没有吧?对吧,就是没有。吃惯了山珍海味,冷不丁的来上一口野菜窝头,那叫什么?那叫人间至味是清欢。
完了!
谁完了?
正经的状元、榜眼、探花完了,在场的各位进士完了,那些个才华横溢插标卖首的青年才俊完了。
后头不管再有什么说什么,都已经是寡淡无味了,除非这会儿能蹦出来一个人上去给大伙讲一下《星际航行理论》,不然后头的人便是舌灿莲花都没用了。
这时林舟讲完,朝着各个方向深深鞠躬,接着便是下了台,走回到了自己的位置上。
本来在他之后榜眼探花要上去的,这下好了,他俩在那你看看我、我看看你,直到礼官催促都不敢上台。
好不容易那榜眼被拽了上去,稀里糊涂说了一大堆,但他自己都不知道自己在说什么。
自古以来,从尧舜禹汤之始,殉国便是一等一的死法。

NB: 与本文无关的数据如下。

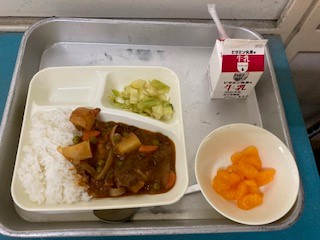 今日の給食は、ハヤシライス キャベツのバジル風味サラダ みかん(缶) でした。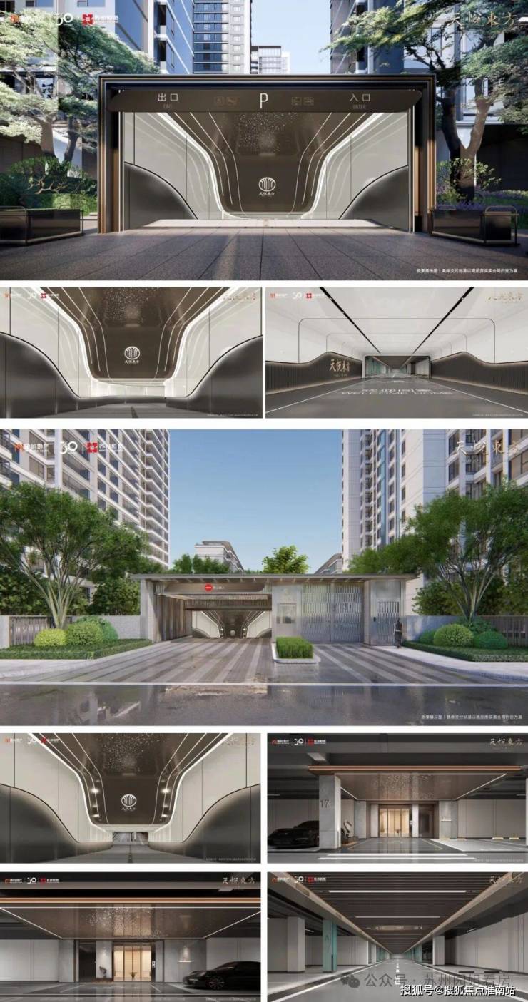 星空顶入库坡道、入库坡道石材铺装、车道入口迎宾玄关、莫兰迪色分区(柱面)、橘皮防滑环氧地坪、星光吊顶入户前厅、人脸识别精装电梯大堂,千万级豪宅礼序,从归家开始。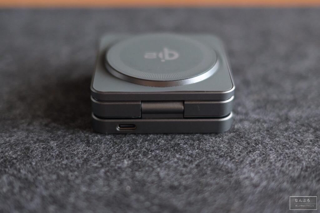 後ろ側の一番下の部分にType-Cの充電ポートがあり、充電器を展開するとそれぞれのデバイスの充電場所はこんな感じです。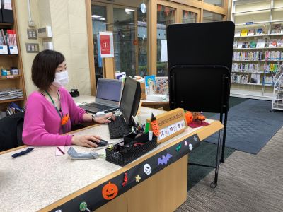 Happy Halloween! 気がついたら夜も長くなり、秋もグッと深まってきました。 図書館では、秋の夜長に読む本をじっくり探してもらおうとハロウィンムード満点にして生徒をお迎えしています。館内1階のいたるところでハロウィン気分を感じてもらえるのではないでしょうか(自信アリ☆です)。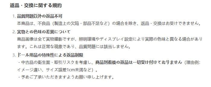 ?中古品の衛生面?取引リスクを考慮し、商品到着後の返品は一切受け付けておりません(理由例:イメージ違い、サイズ誤差1cm未満など)。

延伸出来的逻辑就是不管在什么时候,肯为祖国做出贡献就是至高无上的荣耀。
别管他出身是啥,哪怕他是个红毛鬼子,手脚上的汗毛能有八寸长,一到夏天身上往外散泔水味,只要他能为国家贡献,那他就是牛逼。
林舟,这个说话全白,一个字儿官话不会说,认字还认半边的家伙,此时此刻孤篇压全唐。
人家直说了,他就没想着自己会当状元,也说了自己换了几万贯钱花花。
几万贯,在场几个人没见过那些钱?别的不说,就说那已经试种五万亩的种子,一颗多少钱?算得清么?那些能药到病除的神药,一碗多少钱?算得清么?那些绝无仅有的精钢冶炼之法,足够引发一场国战,值多少钱?算得清么?
算不清。
几万贯算什么?也许就是个公子哥一晚上包个青楼的钱,也许就是一场小规模边境冲突,死了百十来个人。
钱,大家都喜欢,但在钱之上却还有太多用钱衡量不了的东西。
关键还不能说,说了自有“大义”冲上来一套丝滑小连招,轻则身败名裂,重则家破人亡。
林舟坐在那端起一杯茶滋了一口,这会儿全场看他的人不多,气氛却是压抑严肃,刚才的欢声笑语早已经荡然无存,留下来的只有那些个青年人的面如死灰。
这一下不用说,林舟出名了,而且是出大名了,比一首词一句诗出名出太多了,史书上也许不会记录今年状元是谁,但一定会记一笔“绍兴十六年春,临安人林舟,献五谷、撰冶术、治瘟疫”。
能以正名入史书,可遇不可求,史家可不管你这那,太史公就在旁边,刚才林舟说话的时候人家的笔写得飞快,而轮到探花榜眼真状元时,人家在喝酒。
这会儿赵构站起身来,举杯,没有提到林舟,却是当即呼喊一声:“众卿,与这春日同饮一杯。”
这是皇帝敬酒!
当时其他那些个进士感觉自己都快死了,他们都快把自己玩成猴儿了,却也没见皇帝多动容,反倒是那真猴儿,却独得天恩。
“你怎么想的?”
敬酒之后,众人落座,赵眘却不动声色的来到林舟旁边,压低声音说道:“那些话你都是怎么想出来的?”
“诶嘿,没有人比我更懂道德绑架。”林舟一拍胸脯:“骂啊,让他们再骂啊,这下说不出我这状元名不正言不顺了吧?”